> **How to complete this task**: Transcribe the lines below exactly. No image belongs in the transcription.

> **Exercise data**:
______

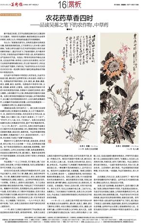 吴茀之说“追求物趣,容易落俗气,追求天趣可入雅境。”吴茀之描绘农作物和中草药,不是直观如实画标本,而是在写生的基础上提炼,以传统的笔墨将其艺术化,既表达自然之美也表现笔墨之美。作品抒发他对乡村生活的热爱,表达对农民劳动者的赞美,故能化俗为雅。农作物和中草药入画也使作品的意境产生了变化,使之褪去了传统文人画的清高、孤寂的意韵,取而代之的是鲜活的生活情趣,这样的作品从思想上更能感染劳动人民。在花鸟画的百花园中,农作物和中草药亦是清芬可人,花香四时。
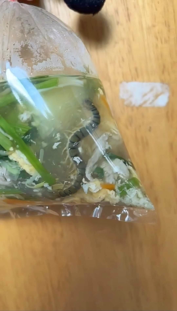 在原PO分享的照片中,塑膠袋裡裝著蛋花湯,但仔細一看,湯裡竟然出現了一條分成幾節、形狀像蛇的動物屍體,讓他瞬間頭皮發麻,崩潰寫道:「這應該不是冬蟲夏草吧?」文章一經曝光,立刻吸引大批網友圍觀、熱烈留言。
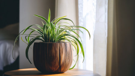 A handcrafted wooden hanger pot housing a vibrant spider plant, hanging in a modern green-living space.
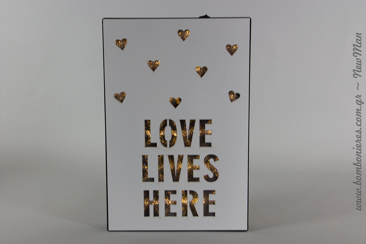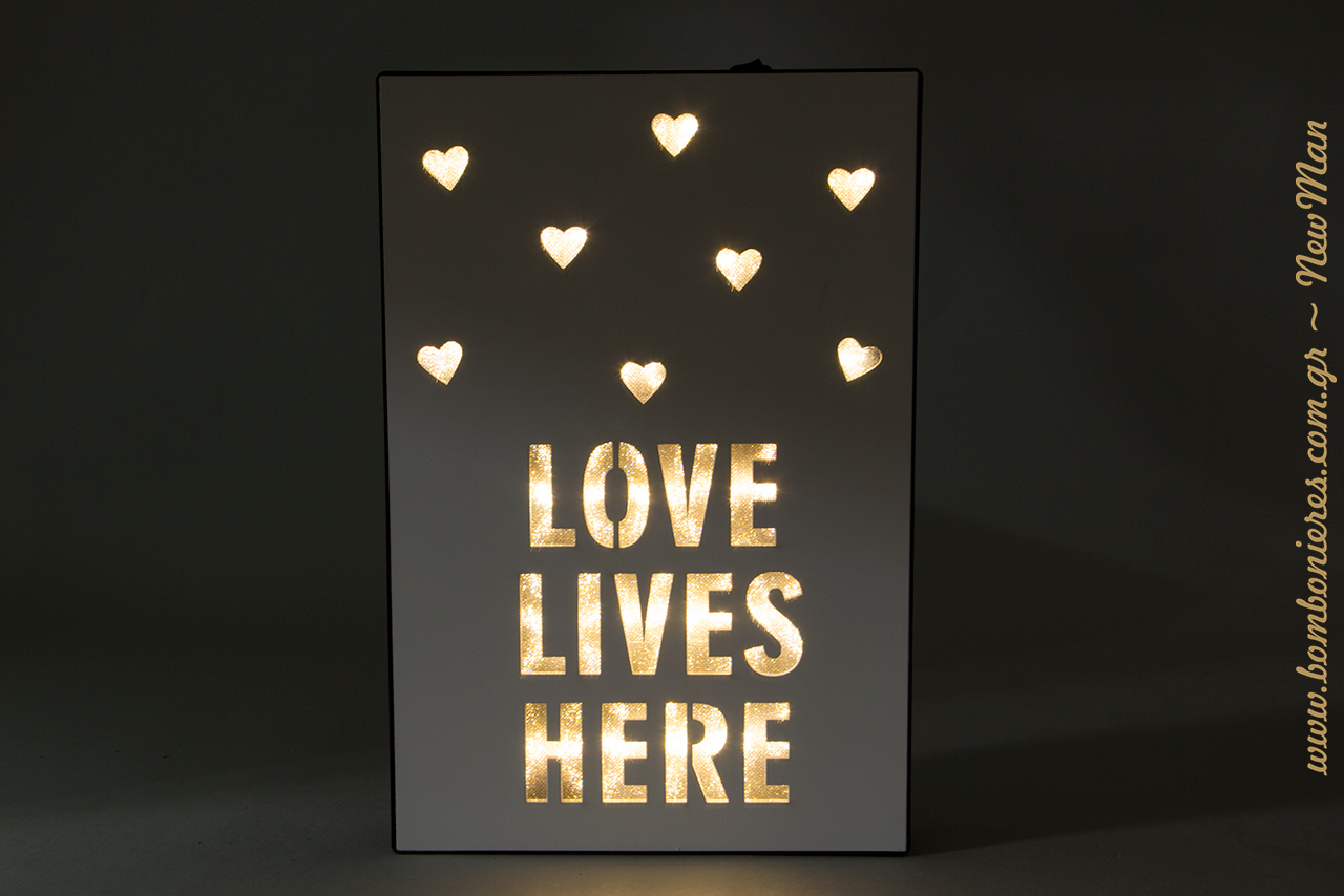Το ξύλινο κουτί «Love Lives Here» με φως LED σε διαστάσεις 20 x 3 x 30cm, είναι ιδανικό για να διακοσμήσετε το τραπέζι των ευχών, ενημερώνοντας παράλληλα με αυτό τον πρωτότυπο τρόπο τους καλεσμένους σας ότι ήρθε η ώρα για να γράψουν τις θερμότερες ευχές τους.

______

> **Response for this exercise**:
 吴茀之说“追求物趣,容易落俗气,追求天趣可入雅境。”吴茀之描绘农作物和中草药,不是直观如实画标本,而是在写生的基础上提炼,以传统的笔墨将其艺术化,既表达自然之美也表现笔墨之美。作品抒发他对乡村生活的热爱,表达对农民劳动者的赞美,故能化俗为雅。农作物和中草药入画也使作品的意境产生了变化,使之褪去了传统文人画的清高、孤寂的意韵,取而代之的是鲜活的生活情趣,这样的作品从思想上更能感染劳动人民。在花鸟画的百花园中,农作物和中草药亦是清芬可人,花香四时。
 在原PO分享的照片中,塑膠袋裡裝著蛋花湯,但仔細一看,湯裡竟然出現了一條分成幾節、形狀像蛇的動物屍體,讓他瞬間頭皮發麻,崩潰寫道:「這應該不是冬蟲夏草吧?」文章一經曝光,立刻吸引大批網友圍觀、熱烈留言。
 A handcrafted wooden hanger pot housing a vibrant spider plant, hanging in a modern green-living space.
Το ξύλινο κουτί «Love Lives Here» με φως LED σε διαστάσεις 20 x 3 x 30cm, είναι ιδανικό για να διακοσμήσετε το τραπέζι των ευχών, ενημερώνοντας παράλληλα με αυτό τον πρωτότυπο τρόπο τους καλεσμένους σας ότι ήρθε η ώρα για να γράψουν τις θερμότερες ευχές τους.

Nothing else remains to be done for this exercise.